O filme Cisne negro causou frisson. Levou os prêmios de melhor filme, diretor e atriz, já previstos, mas merecidos. Explorando o tema do universo cruel da competição entre bailarinas e da frágil condição humana, aborda a avassaladora ambição de uma insegura bailarina que se lança para alcançar seu sonho, ao preço da perda dos limites entre o real e o imaginário. A doce Nina é instigada pelo experiente coreógrafo a buscar dentro de si seu lado mau, do contrário, não estaria apta a interpretar o cisne negro. O filme, literariamente falando, poderia ser classificado dentro do gênero fantástico tanto pela hesitação da própria personagem entre a realidade e a fantasia como do próprio espectador provado duramente até o final.

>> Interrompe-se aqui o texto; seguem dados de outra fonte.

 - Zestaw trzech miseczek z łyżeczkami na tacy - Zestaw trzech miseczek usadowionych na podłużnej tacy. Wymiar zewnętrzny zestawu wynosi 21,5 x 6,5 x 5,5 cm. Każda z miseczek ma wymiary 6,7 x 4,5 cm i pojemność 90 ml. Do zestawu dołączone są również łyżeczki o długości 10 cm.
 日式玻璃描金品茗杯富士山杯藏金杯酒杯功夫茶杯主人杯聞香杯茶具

A questão de um “duplo” de si mesmo já foi explorada inúmeras vezes pela literatura e artes em geral, pois cada pessoa traz dentro de si “um demônio que ruge e um Deus que chora”, já dizia em versos Olavo Bilac. Normalmente, os trazemos (Deus e demônio) numa cálida harmonia, equilibrando nossos sentimentos numa luta interminável e vale lembrar que a natureza humana pende muito mais para o mal do que para o bem, o que exige maior esforço do homem para conviver pacificamente consigo mesmo e com o outro. Justamente o outro é nossa fonte de agonia, segundo Sartre, o homem não se conhece em sua totalidade se não pelos olhos de outras pessoas, só a convivência permite ao homem fazer as escolhas que deseja. Portanto o outro nos atormenta, mas sem o outro, não nos constituímos.

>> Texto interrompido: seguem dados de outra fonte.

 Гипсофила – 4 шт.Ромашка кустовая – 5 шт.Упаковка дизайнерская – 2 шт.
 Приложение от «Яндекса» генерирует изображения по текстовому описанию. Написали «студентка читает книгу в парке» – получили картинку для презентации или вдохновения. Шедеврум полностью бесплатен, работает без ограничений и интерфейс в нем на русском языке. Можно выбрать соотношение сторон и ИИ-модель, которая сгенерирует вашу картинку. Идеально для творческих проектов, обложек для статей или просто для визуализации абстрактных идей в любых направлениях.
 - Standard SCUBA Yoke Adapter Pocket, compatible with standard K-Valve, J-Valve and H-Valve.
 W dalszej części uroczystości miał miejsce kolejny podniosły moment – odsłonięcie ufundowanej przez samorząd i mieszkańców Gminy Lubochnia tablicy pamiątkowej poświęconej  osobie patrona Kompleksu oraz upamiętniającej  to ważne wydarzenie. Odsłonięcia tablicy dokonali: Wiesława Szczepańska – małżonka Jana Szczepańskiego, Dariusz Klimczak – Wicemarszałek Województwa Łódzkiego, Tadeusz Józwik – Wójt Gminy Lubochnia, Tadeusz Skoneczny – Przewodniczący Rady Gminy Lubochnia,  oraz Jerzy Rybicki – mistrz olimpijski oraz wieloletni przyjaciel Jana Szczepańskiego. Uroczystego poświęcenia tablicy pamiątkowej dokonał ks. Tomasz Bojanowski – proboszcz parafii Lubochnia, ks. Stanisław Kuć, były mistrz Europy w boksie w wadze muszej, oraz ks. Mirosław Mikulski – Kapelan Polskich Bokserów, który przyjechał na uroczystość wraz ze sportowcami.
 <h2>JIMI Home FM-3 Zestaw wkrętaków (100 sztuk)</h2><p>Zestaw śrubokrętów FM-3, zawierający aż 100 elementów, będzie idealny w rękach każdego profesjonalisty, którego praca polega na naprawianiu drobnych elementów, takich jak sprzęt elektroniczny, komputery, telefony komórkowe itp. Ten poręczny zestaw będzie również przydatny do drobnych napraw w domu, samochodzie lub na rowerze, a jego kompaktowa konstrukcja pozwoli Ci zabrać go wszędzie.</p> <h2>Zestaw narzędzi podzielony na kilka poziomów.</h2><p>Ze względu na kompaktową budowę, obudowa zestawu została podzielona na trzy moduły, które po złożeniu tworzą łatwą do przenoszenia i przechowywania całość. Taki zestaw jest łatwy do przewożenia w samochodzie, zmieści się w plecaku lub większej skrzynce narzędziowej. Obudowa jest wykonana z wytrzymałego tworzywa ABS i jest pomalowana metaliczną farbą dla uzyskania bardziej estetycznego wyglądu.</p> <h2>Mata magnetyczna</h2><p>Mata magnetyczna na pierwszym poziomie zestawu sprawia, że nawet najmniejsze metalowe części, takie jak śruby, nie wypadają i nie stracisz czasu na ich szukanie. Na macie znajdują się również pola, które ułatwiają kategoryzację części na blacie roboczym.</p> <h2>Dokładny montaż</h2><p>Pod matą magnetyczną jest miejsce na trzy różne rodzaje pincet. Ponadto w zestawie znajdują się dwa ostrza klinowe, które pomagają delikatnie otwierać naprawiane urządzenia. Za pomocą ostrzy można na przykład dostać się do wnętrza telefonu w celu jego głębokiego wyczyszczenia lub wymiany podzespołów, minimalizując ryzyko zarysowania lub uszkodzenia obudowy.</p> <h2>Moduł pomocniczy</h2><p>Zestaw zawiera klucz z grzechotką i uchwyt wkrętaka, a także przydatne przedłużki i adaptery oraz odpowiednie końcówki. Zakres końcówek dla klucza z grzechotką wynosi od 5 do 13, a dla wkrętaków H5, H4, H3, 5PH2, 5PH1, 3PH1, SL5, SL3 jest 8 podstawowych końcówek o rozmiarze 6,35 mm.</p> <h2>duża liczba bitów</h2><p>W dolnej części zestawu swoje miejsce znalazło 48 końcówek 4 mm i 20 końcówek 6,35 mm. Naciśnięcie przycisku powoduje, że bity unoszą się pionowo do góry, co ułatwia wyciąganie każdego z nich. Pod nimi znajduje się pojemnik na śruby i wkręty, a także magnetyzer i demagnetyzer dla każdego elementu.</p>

O filme fez lembrar o conto de Edgar Allan Poe, “William Wilson”, em que o escritor apresenta a história de um personagem atormentado por uma espécie de sósia que surge em momentos inesperados sempre o admoestando para o bem, pois ele próprio revela ter sido sempre um sujeito mau. De forma oposta, Nina, a protagonista do filme “Cisne negro”, luta para trazer à tona a outra de si, porém a malvada, a sensual e maliciosa, como pedia o papel do cisne mau. A bailarina, que já mostrava traços de instabilidade emocional, se angustia nessa luta, debatendo-se em conflitos até o fim. No conto de Poe, o personagem é perseguido insistementente pelo seu estranho duplo que ora se rivaliza com ele, ora assume ares de proteção e ainda denuncia suas trapaças até que tudo culmina com um duelo entre os dois, pois já não podem mais conviver. O ódio do personagem de Poe pelo seu duplo o conduz à morte inevitável, pois não há lugar para dois.

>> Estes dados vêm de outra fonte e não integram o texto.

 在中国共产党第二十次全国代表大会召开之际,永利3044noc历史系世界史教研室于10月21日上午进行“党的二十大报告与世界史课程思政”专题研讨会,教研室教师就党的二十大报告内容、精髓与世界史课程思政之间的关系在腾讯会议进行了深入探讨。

O filme é bom, faz refletir sobre a difícil e insana competitividade do mundo atual e sobretudo, sobre a questão da dualidade, tema universal. Vendo o filme, foi possível trazer à lembrança o conto de Poe, como se um estranho espelho os refletisse. Aliás, como os espelhos são explorados no filme, objetos cheios de mistérios e lendas, com ligações com o duplo, segundo a psicanálise.
Vale a pena assistir. De acordo com minha amiga, incorrigível cinéfila, o filme é bom. Aterrorizante, mas muito bom.